American alternative rock band

Forget Cassettes was an alternative rock band from Nashville, Tennessee, active between 2001 and 2016 on the Theory 8 Records label. Frontwoman Beth Cameron was the band's only permanent member throughout the band's years of activity.

== History ==

=== Formation and Instruments of Action (2003) ===
Forget Cassettes was formed in Nashville by vocalist Beth Cameron, formerly of the musical trio Fair Verona. In 2001, Fair Verona broke up after a record deal failed to come to fruition. This band received revived interest in 2024 after its 1999 song, The Downfall of a Well Known Actress, was investigated by the Lostwave community on Reddit.
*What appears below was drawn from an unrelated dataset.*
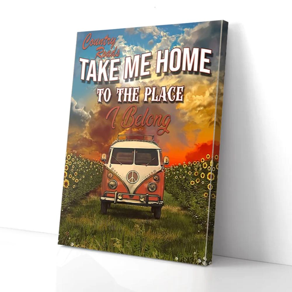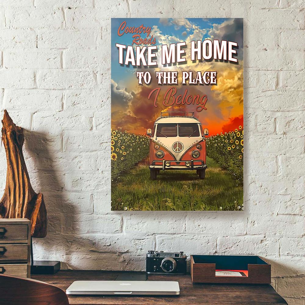 Country Roads Take Me Home Sunflowers Car Hippie Canvas Prints – Wall Art Decor

Following the band's dissolution, Cameron was joined by Fair Verona's drummer, Doni Schroader. They recorded Forget Cassettes' first album, Instruments of Action (2003), through Theory 8 Records. The album, produced by Mike McCarthy, debuted at 47 on the Core Chart, a collation of playlists from the largest 100 college radio stations in the United States.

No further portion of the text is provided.